**What you are asked to do**
Quote from the first line below through the line that contains "4️⃣**乌蔹莓**:葡萄科", both included, and leave the pictures out.

(Source data)

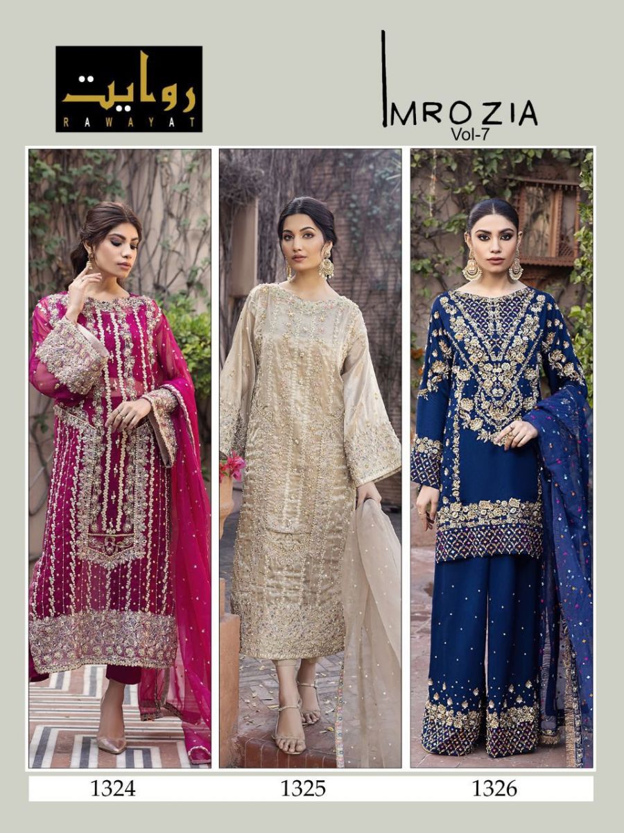 | DETAILS | *Fabric Faux Georgette Top Faux Georgette With Exclusive EmbroideryWork | 2.50 Mtrs Bottom + Inner Dull Santoon | 2.50 Mtrs Dupatta Nazmin Chiffon With Embroidery | 2.25 Mtrs Shipping Depending on Quantity |
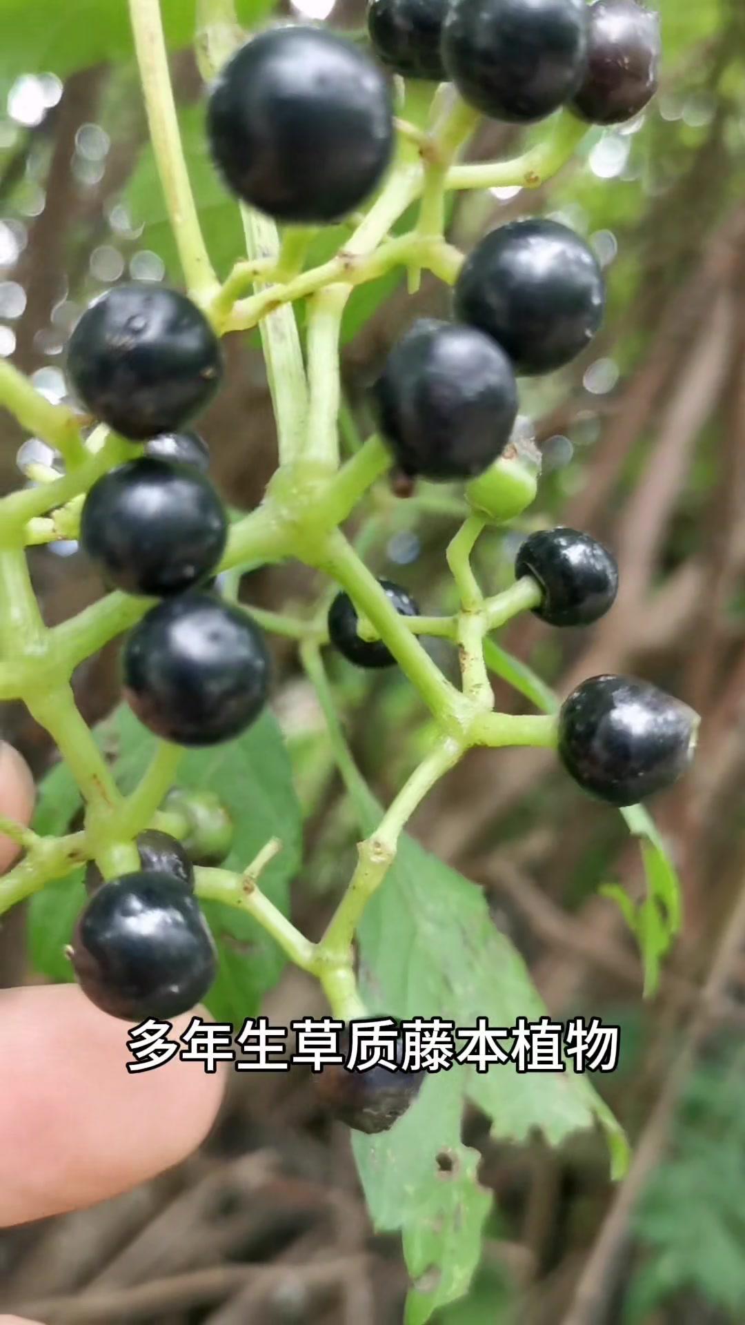 4️⃣**乌蔹莓**:葡萄科多年生草质藤本,果实球形,未成熟绿色,成熟后紫黑色,全株有毒,不可食用,有小毒。
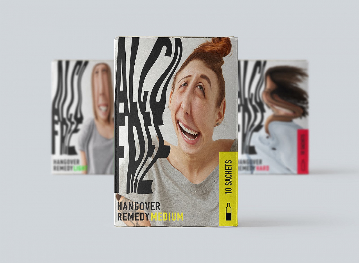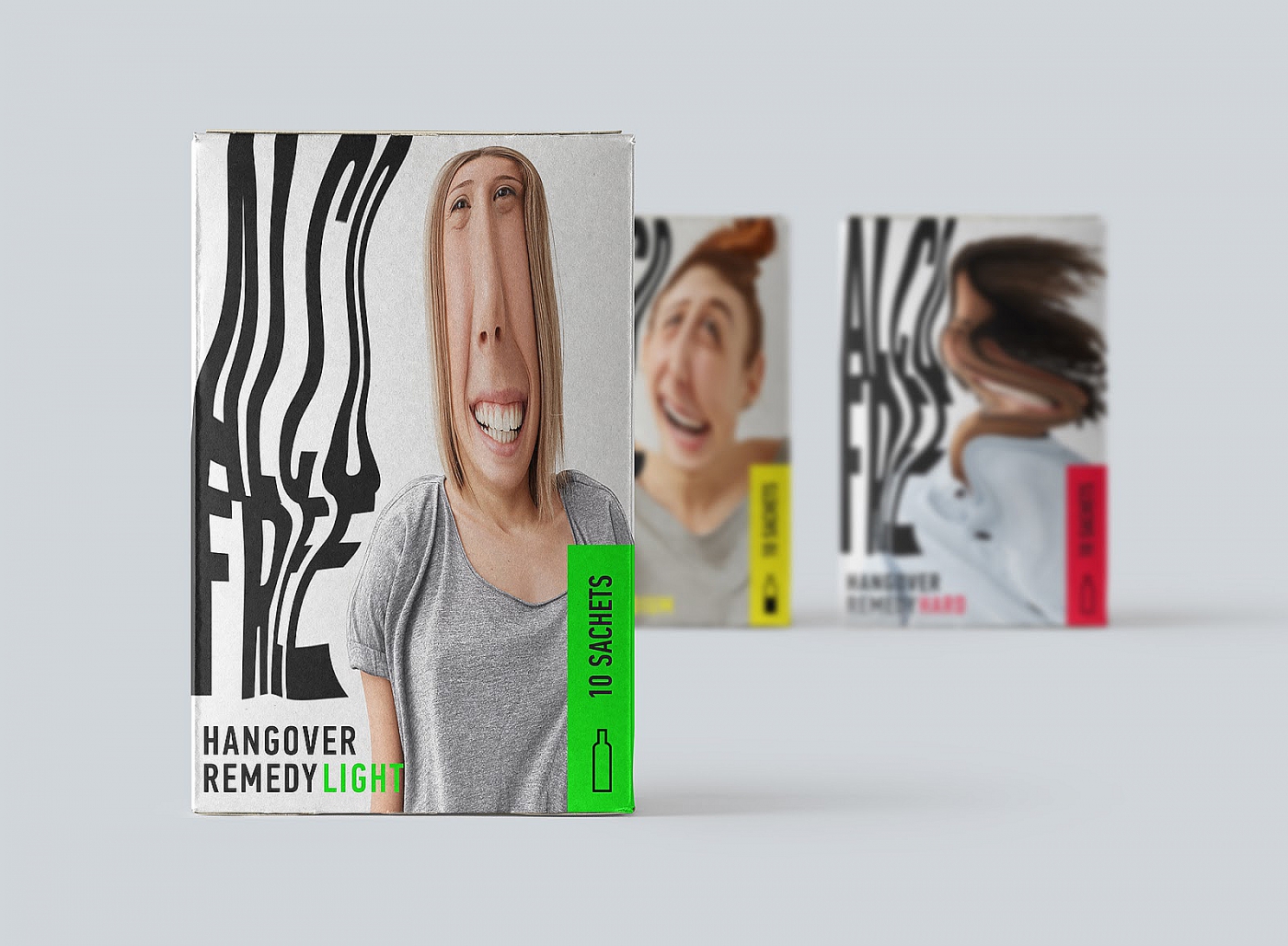 Я долго думала, как упаковать смех, и вспомнила, как в детстве ходила в комнату смеха. Было весело смотреть на свои отражения в кривых зеркалах. Эта искаженная картинка в зеркале очень напоминает ощущения с утра после веселой вечеринки. Я совместила эти два сюжета и сделала энергетический напиток для тех, кому надо быстро прийти в форму после праздника.
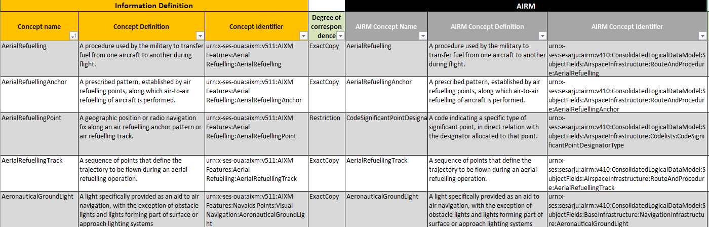 The Aeronautical Information Exchange Model (AIXM) performed its initial semantic correspondence analysis using a spreadsheet. The figure below shows what this looked like. The left hand side of the diagram shows the concepts exported from the AIXM UML model. The concepts are AerialRefuelling, AerialRefuellingAnchor, AerialRefuellingPoint, AerialRefuellingTrack, AuthorityForAerialRefuelling. The right hand side of the diagram contains an export of the matching AIRM concepts.
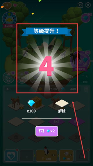 4、提升等级到【4】级可解锁新区域,获得钻石奖励,解除锁定的位置扩展动物放置空间。
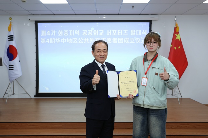 4月25日下午,第四期华中地区中韩公共外交志愿者团成立仪式在韩国驻武汉总领事馆隆重举行。该项目由韩国驻武汉总领事馆主办,作为促进中韩青年文化交流的重要平台,自启动以来已成功举办四届,在推动两国人文交流方面取得显著成效。
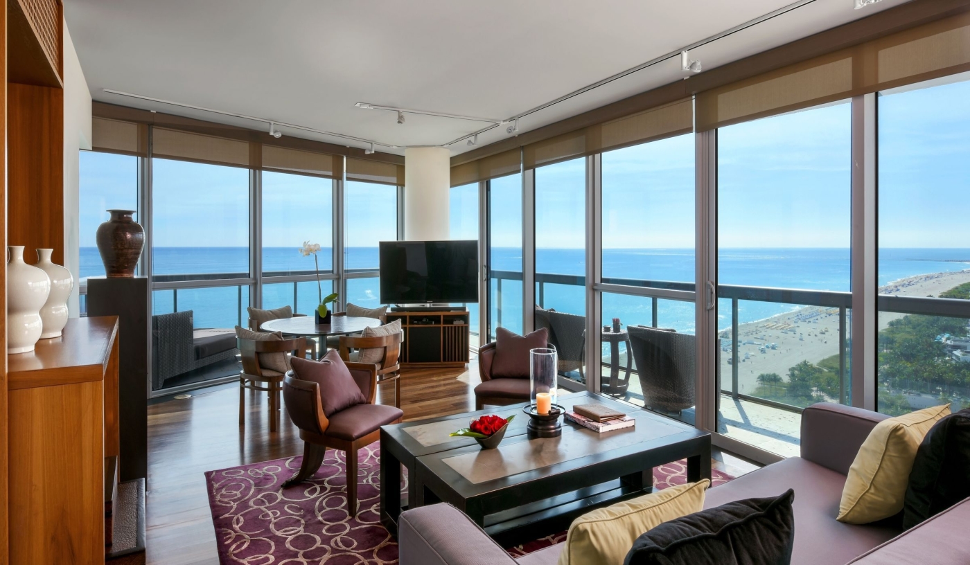 Interiors draw on Asian design influences, creating a calm contrast to Miami’s lively beachfront setting.
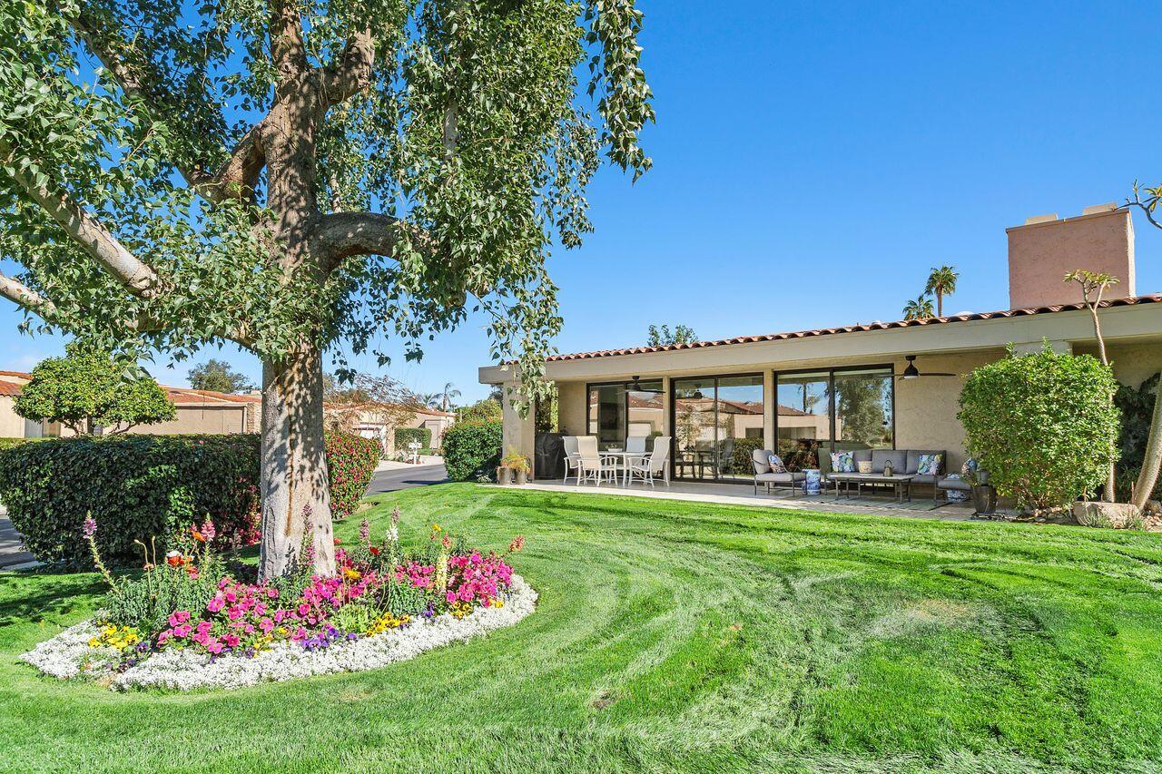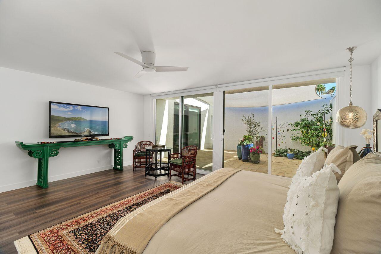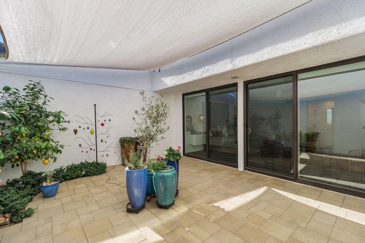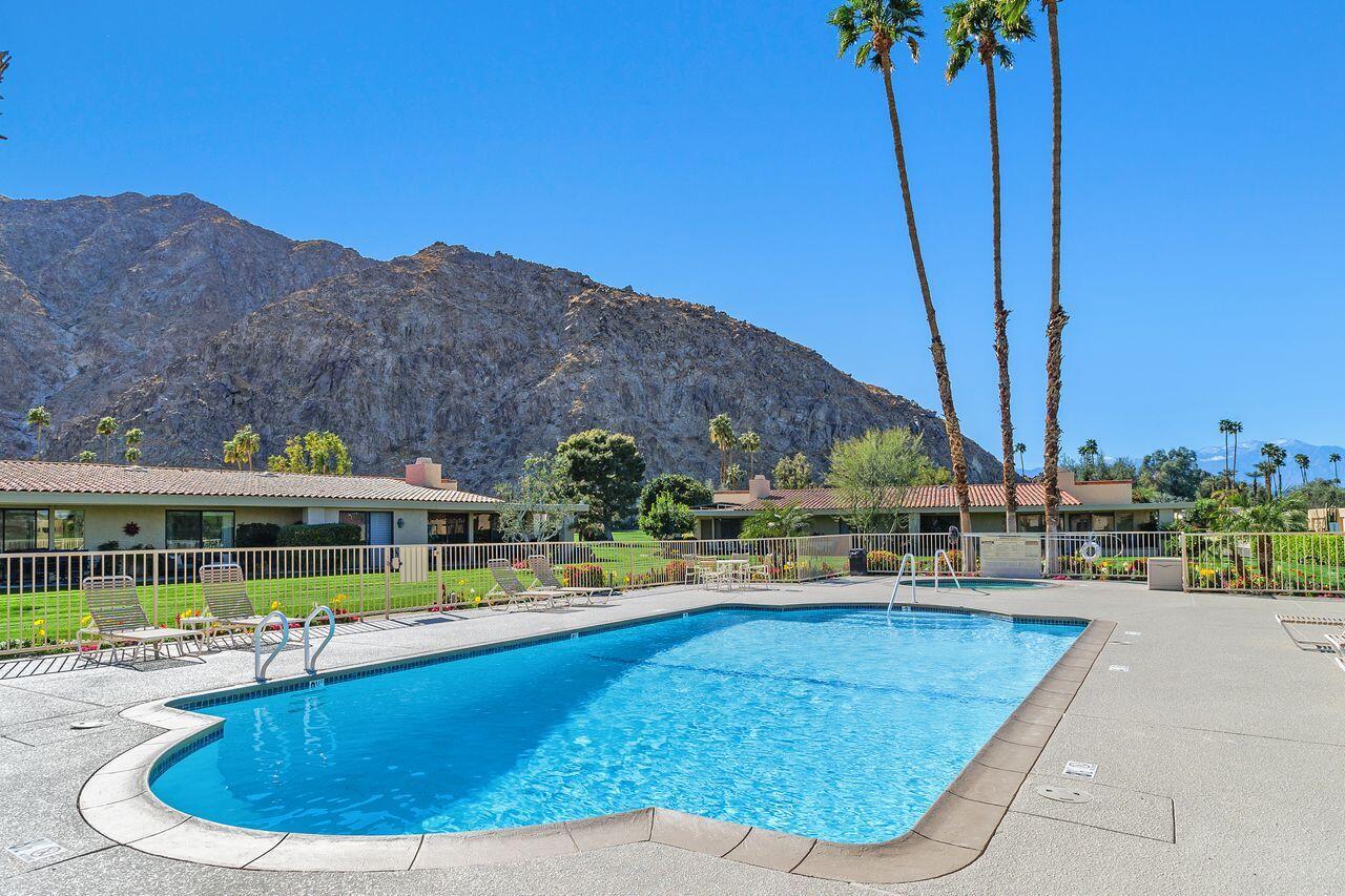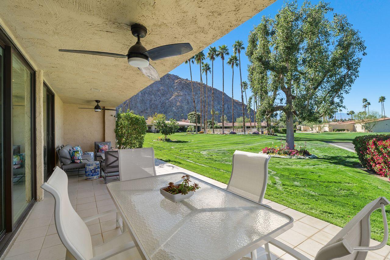 Experience the ultimate desert lifestyle with this exquisitely reimagined 2,008 SF, 2-bedroom, 2-bathroom condo located in Indian Wells Country Club. This luxurious condo offers magnificent views of the mountains, golf course, and community pool, making it an ideal retreat for year-round indoor/outdoor living. The open-concept kitchen is a chef's dream, featuring a full suite of Thermador appliances, including a built-in counter-depth fridge, gas range, electric oven, dishwasher, microwave drawer, and two beverage drawers. The kitchen seamlessly flows into the spacious living and dining areas with vaulted wood-beam ceilings and a cozy stone fireplace. Both generously sized bedrooms open to a private enclosed atrium, providing a tranquil escape. The bedrooms also offer direct access to the 2-car garage plus golf cart garage. Features include waterproof laminate flooring, marble bathroom floors, Digitalart Bianco glazed porcelain bathroom walls (crafted in Italy), Brizo by Delta bathroom faucets and fixtures, and brand new Madison sliding doors and windows. Other features include new electrical wiring, new HVAC system and ducting installed in 2021, and a gas line to the back patio for convenient BBQs. This condo combines elegance, comfort, and modern sophistication, making it the perfect home for those seeking the finest in desert living. As a resident of Indian Wells, you'll enjoy exclusive benefits, including 20% discounts on food and spa services, as well as reduced rates for golfing at the renowned Indian Wells Golf Resort.Interested in this Listing?
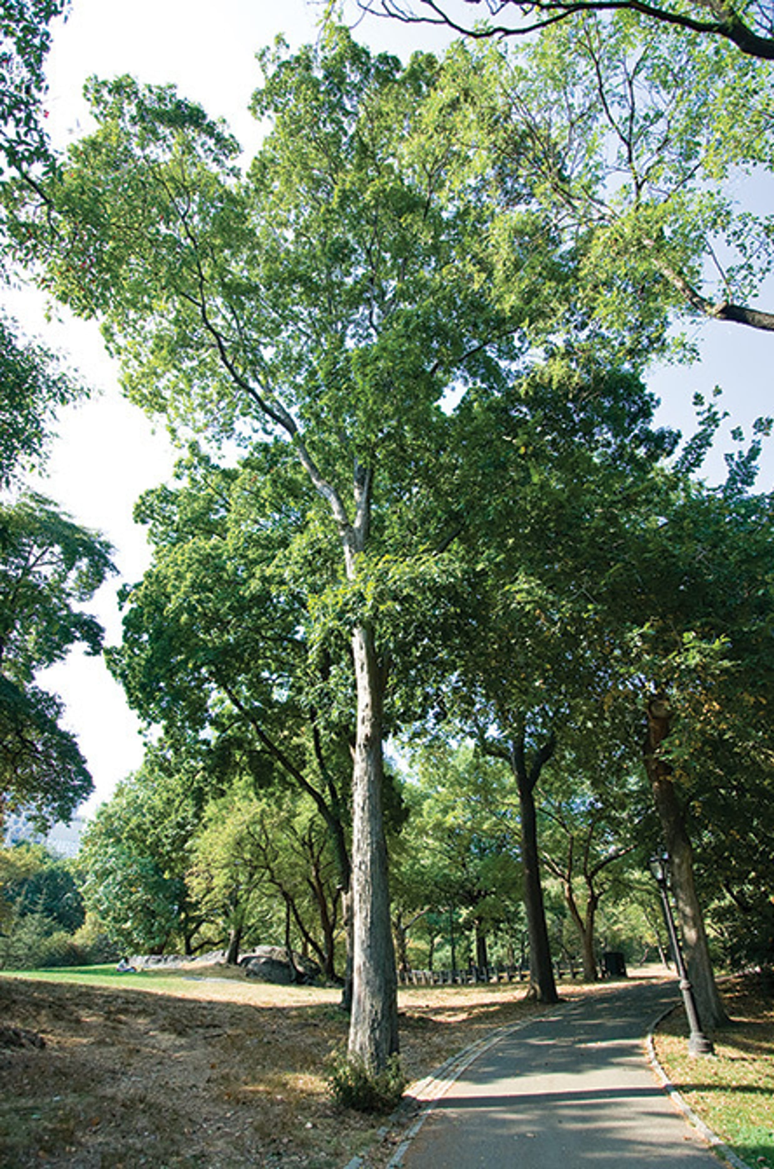 Central Park contains four hickory species, with the shagbark hickory being the most recognizable due to its gray bark that peels off in long strips. It bears nuts that are popular with squirrels and chipmunks. You can find the shagbark hickory between Wollman Rink and Driprock Arch.
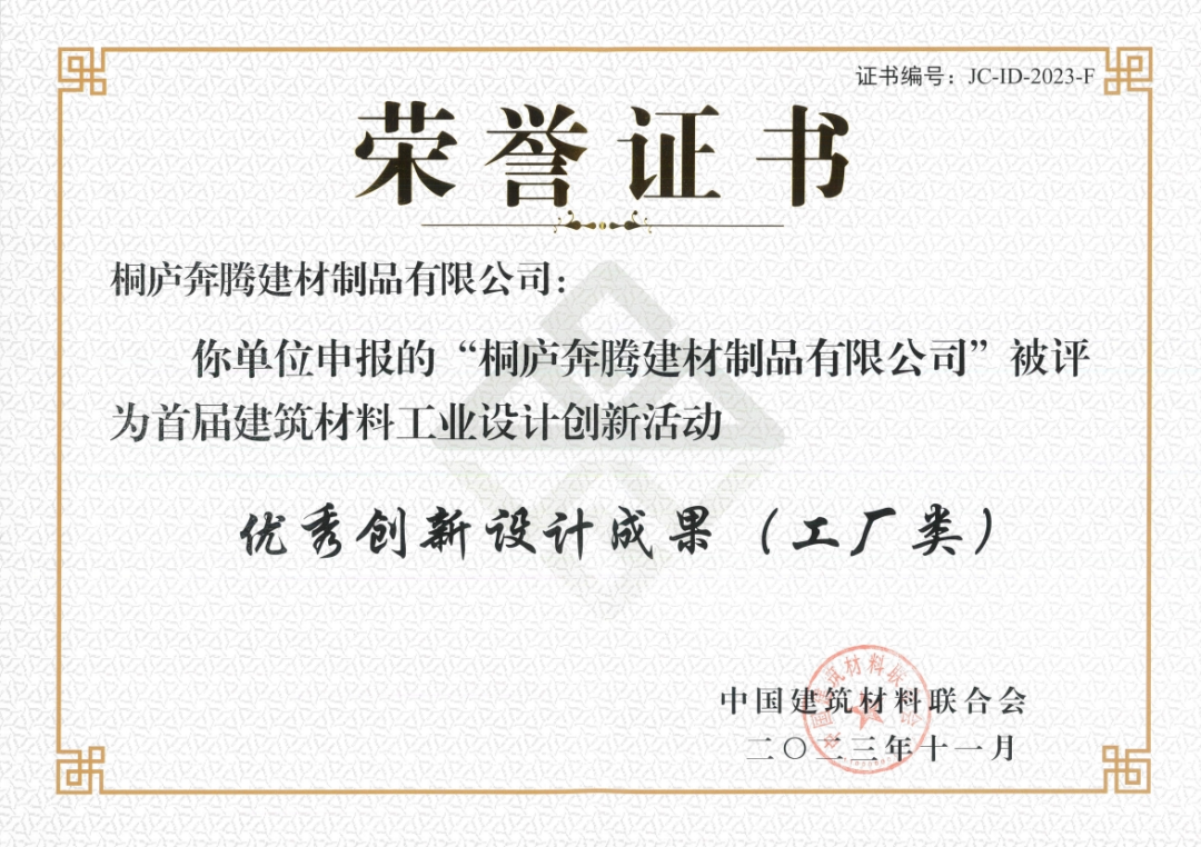 去年12月,新项目获得中国建筑材料联合会“首届建筑材料工业设计创新活动”的“优秀创新设计成果(工厂类)”奖。

**Result**
 | DETAILS | *Fabric Faux Georgette Top Faux Georgette With Exclusive EmbroideryWork | 2.50 Mtrs Bottom + Inner Dull Santoon | 2.50 Mtrs Dupatta Nazmin Chiffon With Embroidery | 2.25 Mtrs Shipping Depending on Quantity |
 4️⃣**乌蔹莓**:葡萄科多年生草质藤本,果实球形,未成熟绿色,成熟后紫黑色,全株有毒,不可食用,有小毒。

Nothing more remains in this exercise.